Available data |
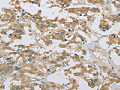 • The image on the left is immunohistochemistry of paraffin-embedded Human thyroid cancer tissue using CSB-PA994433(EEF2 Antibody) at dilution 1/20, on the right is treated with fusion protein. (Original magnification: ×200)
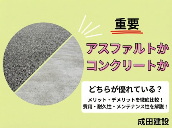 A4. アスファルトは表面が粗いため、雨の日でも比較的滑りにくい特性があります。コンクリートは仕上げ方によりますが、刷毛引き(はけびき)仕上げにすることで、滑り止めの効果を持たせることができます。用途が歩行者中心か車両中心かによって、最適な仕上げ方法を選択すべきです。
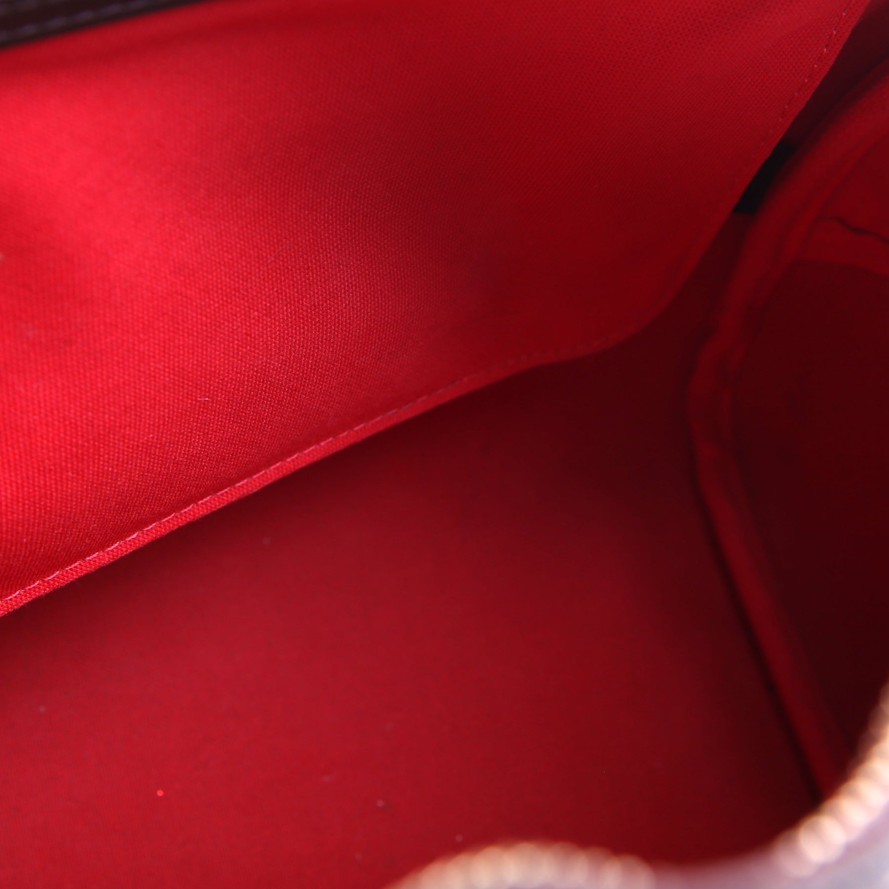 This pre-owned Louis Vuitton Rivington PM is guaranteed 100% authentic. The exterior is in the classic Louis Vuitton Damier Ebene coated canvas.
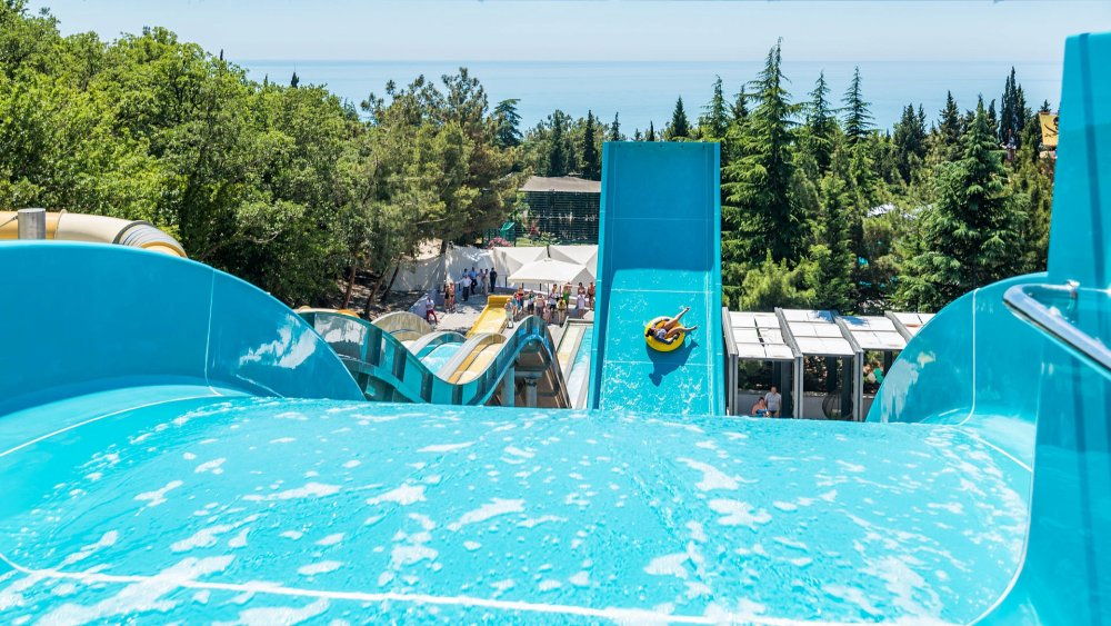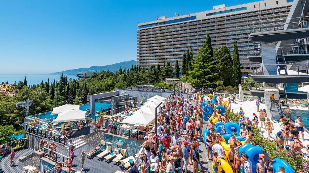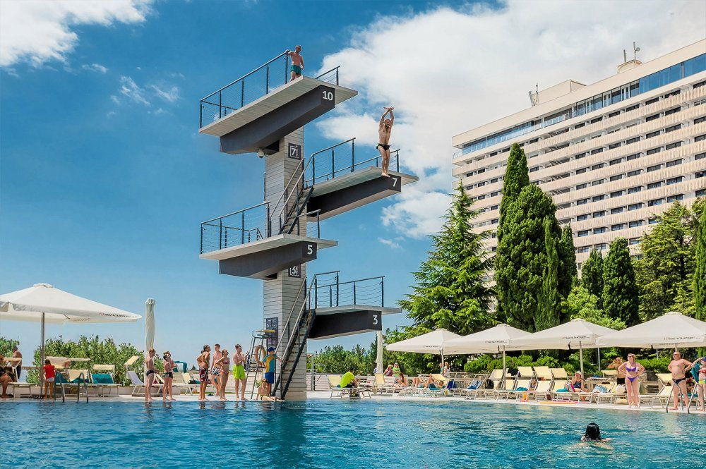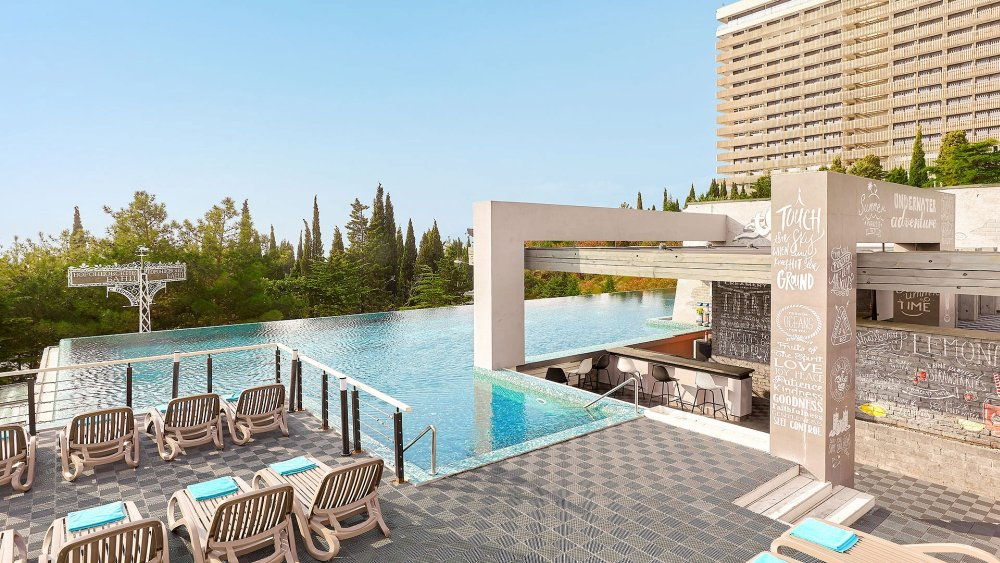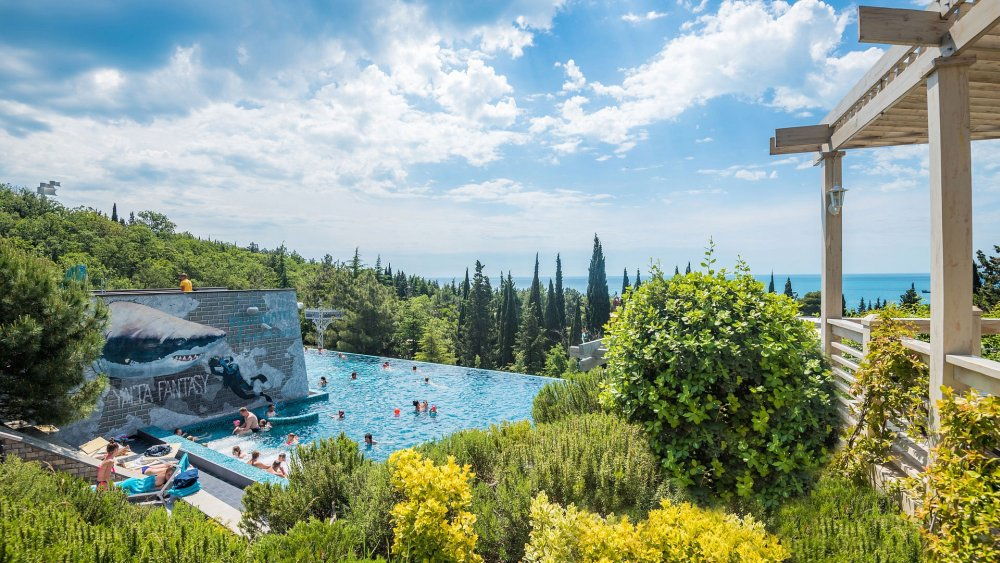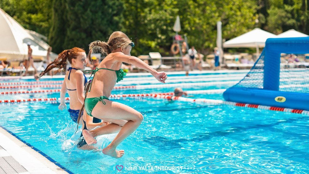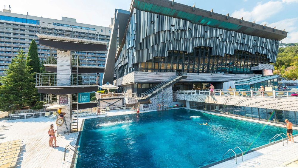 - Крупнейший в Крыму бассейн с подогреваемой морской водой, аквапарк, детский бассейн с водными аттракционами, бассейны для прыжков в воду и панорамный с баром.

Work to be completed |
Restate all of the material word for word, leaving every picture out.

Written answer |
 • The image on the left is immunohistochemistry of paraffin-embedded Human thyroid cancer tissue using CSB-PA994433(EEF2 Antibody) at dilution 1/20, on the right is treated with fusion protein. (Original magnification: ×200)
 A4. アスファルトは表面が粗いため、雨の日でも比較的滑りにくい特性があります。コンクリートは仕上げ方によりますが、刷毛引き(はけびき)仕上げにすることで、滑り止めの効果を持たせることができます。用途が歩行者中心か車両中心かによって、最適な仕上げ方法を選択すべきです。
 This pre-owned Louis Vuitton Rivington PM is guaranteed 100% authentic. The exterior is in the classic Louis Vuitton Damier Ebene coated canvas.
 - Крупнейший в Крыму бассейн с подогреваемой морской водой, аквапарк, детский бассейн с водными аттракционами, бассейны для прыжков в воду и панорамный с баром.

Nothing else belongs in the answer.